Risk snapshot for executives
- Safety risk: rare incidents can damage public trust; track incident rates per 100,000 miles and transparent investigations.
- Cybersecurity: remote interfaces and teleoperation increase attack surfaces—require hardened comms and identity controls.
- Labor and political: displacement risk for drivers, potential union pushback and reputational damage.
- Regulatory: shifting rules on liability, data access and local approvals can change operating economics quickly.
Urban policy: do robotaxis lock in the wrong future?
Deploying robotaxis is not a purely technical choice; it’s a city planning decision. Prioritising curb space, creating kerbside pickup zones and incentivising vehicle miles travelled will shape congestion, equity and carbon outcomes. If cities channel scarce curb and road resources to robotaxis, they risk cementing car‑centric mobility that undermines public transit, walking and cycling.
“Drivers provide more than driving—handling lost property, assisting passengers, making route judgments—which a robotaxi can’t easily replicate.”
— Steve McNamara, Licensed Taxi Drivers’ Association (paraphrase)
Policymakers should weigh tradeoffs: robotaxis can improve access for people with mobility constraints and reduce driver risk, but they can also increase empty traffic, displace decent jobs and concentrate control of transport in a few private platforms unless counterbalanced by regulation and public investment.
For C‑suite and city leaders: practical next steps
Run pilots, but run them like experiments—with KPIs, public reporting and worker transition plans.
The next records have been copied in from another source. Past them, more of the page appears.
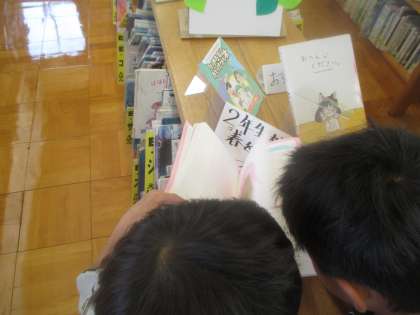 完成した春ブックは、図書館に置いていただいています。司書の先生から、「他の学年の人も、見ているよ。」というお話を聞き、嬉しそうにしていた2年生の子どもたちです。
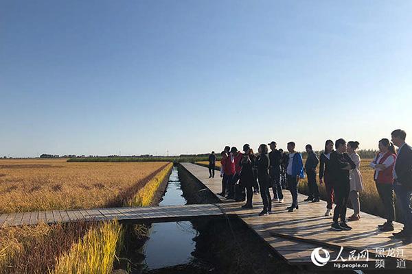 “网络媒体龙江行”采访团一行深入绥化庆安水稻田地采访。韩婷澎 摄
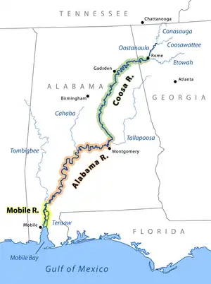 | Udspring | Sammenløbet af Tallapoosa Coosa rivers i nærheden af byen Montgomery |
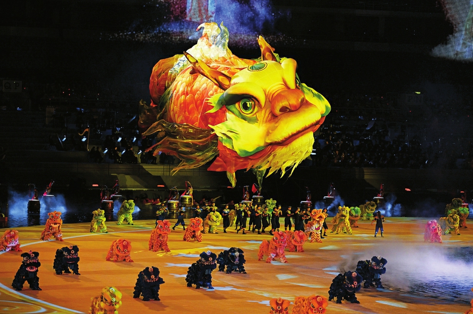 第十五屆全國運動會吉祥物“喜洋洋”和“樂融融”在開幕式現場表演。圖片均為開幕式表演現場。 本版圖片均來源新華社
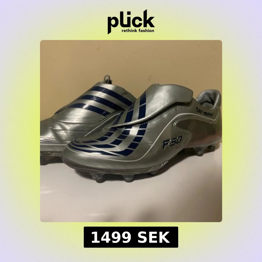 Adidas sällsynta F50 fotbollsskor i silverfärg med mörkblå detaljer i storlek 42 2/3. De kommer med nya utbytbara dobbar och verktyg för justering. Både plast och metalldobbar, för konstgräs och gräsplaner! Skorna är använda men i mycket bra sick (se bilder). Hör av dig vid eventuella frågor!
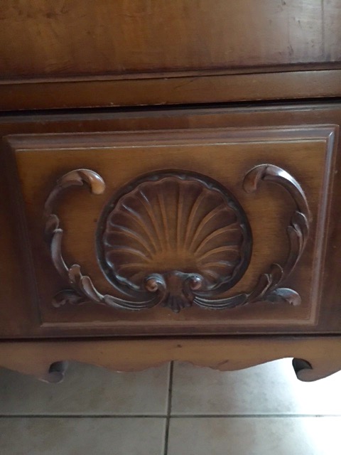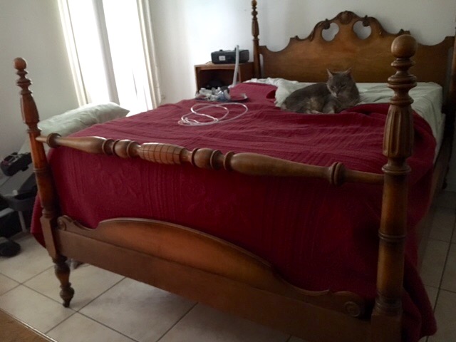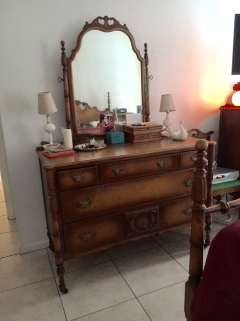 Full bed, dressing bench, straight chair, bedside table, tall dresser, full mirrored dresser. Nothing is broken, This is made from Tiger maple. There have only been 2 owners. I am NOT interested in selling.
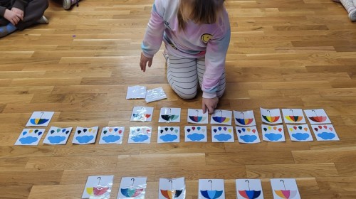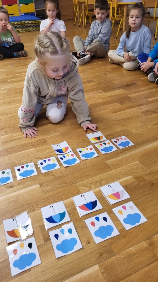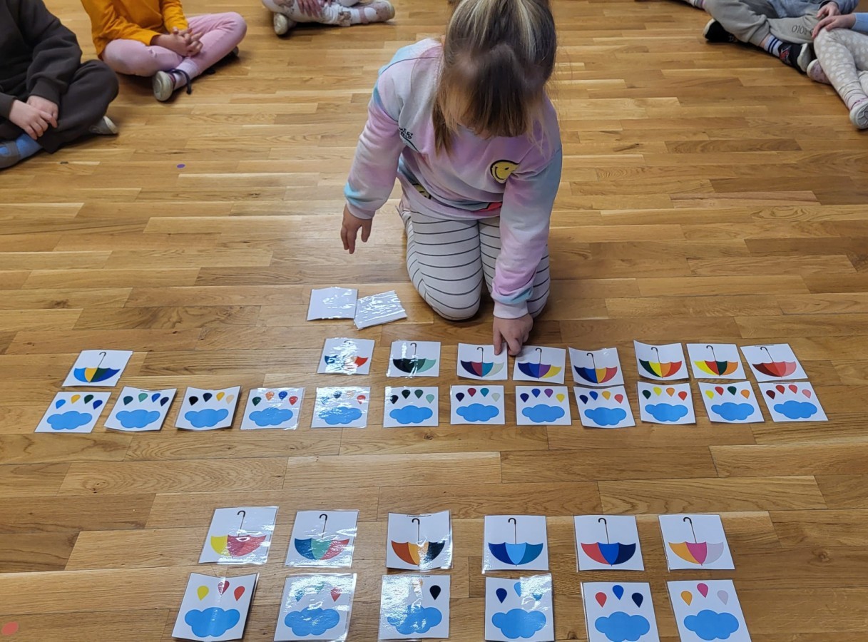Później dzieci przystąpiły do zabawy „Kolorowe parasolki”. Każdy musiał dopasować parasolkę do obrazka z kroplami deszczu tak, aby kolory idealnie do siebie pasowały, co doskonale ćwiczyło spostrzegawczość.
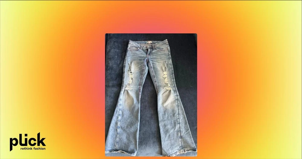 Jeans Gina tricot  - Säljer ett par ljusblå bootcut jeans med slitna detaljer på låren och knäna. Jeansen har fem fickor, röd kontrastsöm och klassisk knappgylf. Perfekta för dig som gillar en avslappnad och trendig look.
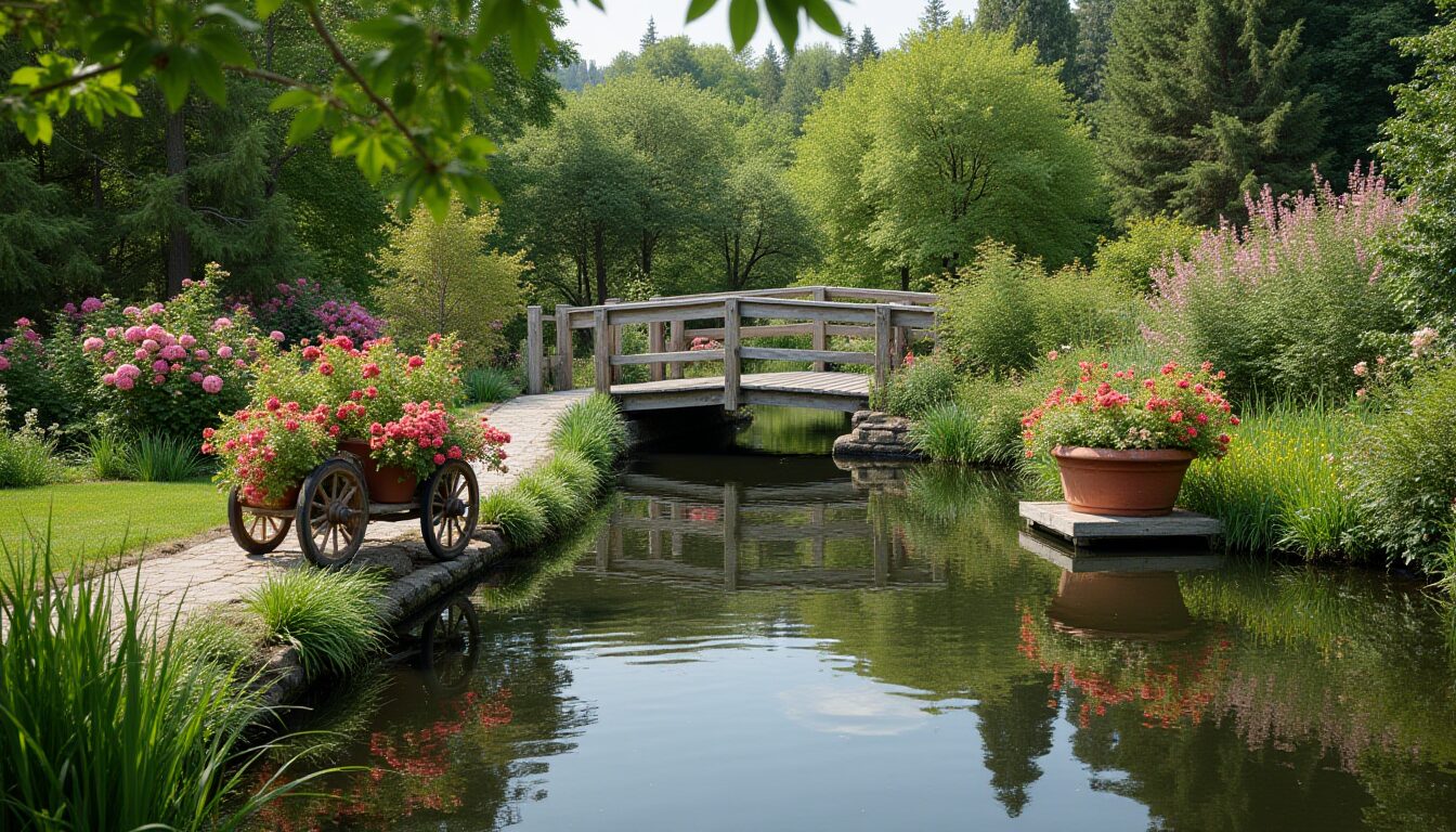 Ландшафтный дизайн в этом стиле предусматривает использование определенных предметов. При этом дизайнер ландшафта придерживается нескольких принципов:
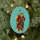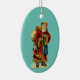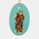 Auf diesem ovalen Keramik-Ornament ist ein Vintages Bild des Weihnachtsmannes mit Zuckerrohr, Sack und Spielzeug zu sehen. Auf der Rückseite des Ornaments steht: "Wünschen Sie sich ein altmodisches frohe Weihnachten". Schöne Ornamente, um an Ihrem Baum zu hängen oder als Geschenk zu geben!
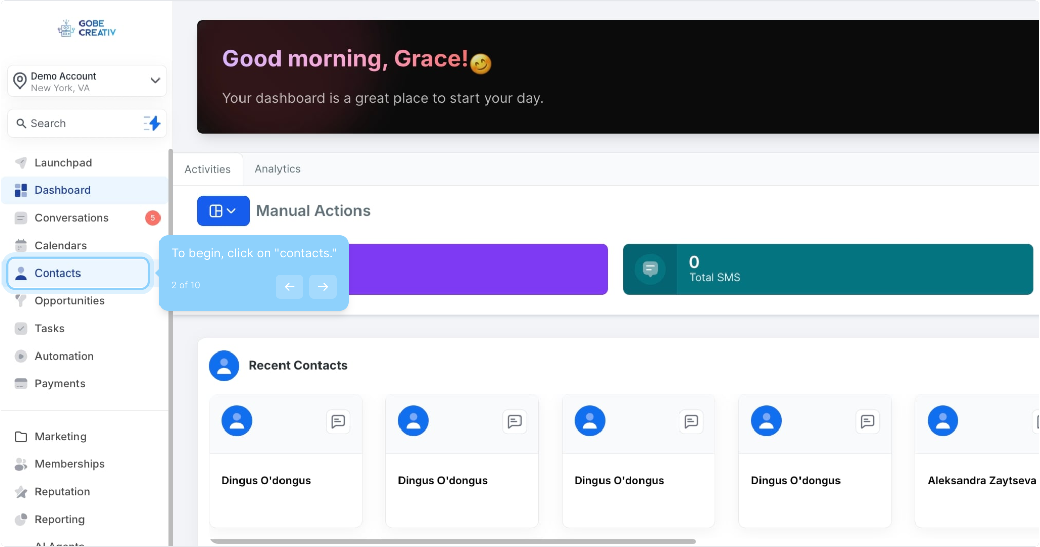 2. To begin, click on "contacts."
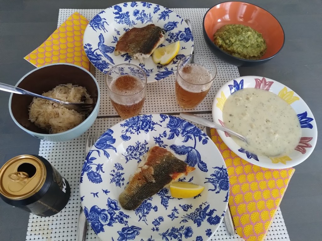 Olen lisännyt kaupunkikodissakin annoksiin vihreää. Tarjosin kuhafileiden seuraksi pinaattiperunamuhennosta sekä mozzarellasalaattia. Rapea pikkusalaatti ja makeat kirsikkatomaatit sopivat hyvin yhteen. Myös hapankaali sopi seuraan.
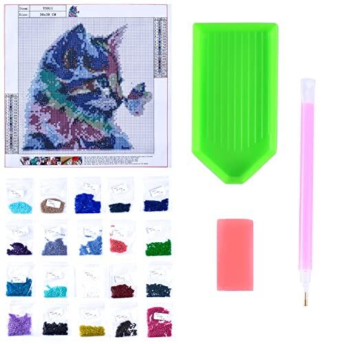 5dダイヤモンドアート 猫と蝶 5D ダイヤモンド塗装 モザイクアート ダイヤモンドペインティング キット ビーズ絵画 全面貼り付けタイプ ビーズアート モザイクビーズ 芸術品 装飾 DIY 手芸 キット 30x30cm

Your checklist:
- Define safety KPIs: incidents per 100k miles, remote assists per 1,000 trips, mean time to recover from a failure.
- Mandate transparency: incident disclosures, remote assistance logs, data access for regulators and independent auditors.
- Measure economics: cost per mile, utilization rate, average trip fare vs incumbent ride‑hailing, and subsidy needs.
- Protect curbspace: time‑limited pickup/dropoff bays and dynamic pricing to disincentivise deadheading.
- Plan workforce transitions: retraining funds, redeployment programs, and partnerships with local unions and training providers.
- Harden cybersecurity: authenticated remote operator channels, encrypted telemetry and regular third‑party penetration testing.
Metrics dashboard to require from pilots
- Trip volume and utilization (trips per vehicle per day)
- Incidents per 100k miles and breakdown by severity
- Remote assists per 1,000 trips and average latency to intervene
- Customer satisfaction and accessibility service scores
- Cost per mile and subsidy per trip (if any)
Policy makers: three fast rules
- Insist on local oversight: require physical or legal presence for remote operators and clear chains of liability.
- Protect public value: set data sharing requirements (anonymised trip/incident data) and limit undue exclusivity for platform providers.
- Balance mobility investments: tie any public support for AVs to parallel investments in transit, active travel and equitable access programs.
Key takeaways
- Robotaxis are real—but not yet frictionless. Technology has progressed, but rare edge cases, operational costs and human factors still demand oversight.
- How you deploy matters as much as whether you deploy. Choices about curb management, pricing and data governance will determine if AVs relieve or worsen congestion and inequity.
- Transparency and KPIs beat marketing: demand incident data, remote‑assist logs and concrete cost models before scaling.
- Plan for people: workforce transition and clear regulatory guardrails will decide the political feasibility of any roll‑out.
Robotaxis are a hinge point, not a hammer. If leaders treat them as a gadget to be added to the status quo, cities will pay in congestion, lost jobs and stunted mobility choices. If they treat robotaxis as one tool in a broader mobility strategy—with strict pilots, public accountability and active investment in transit and active travel—robotics and AI can amplify the public good rather than capture it.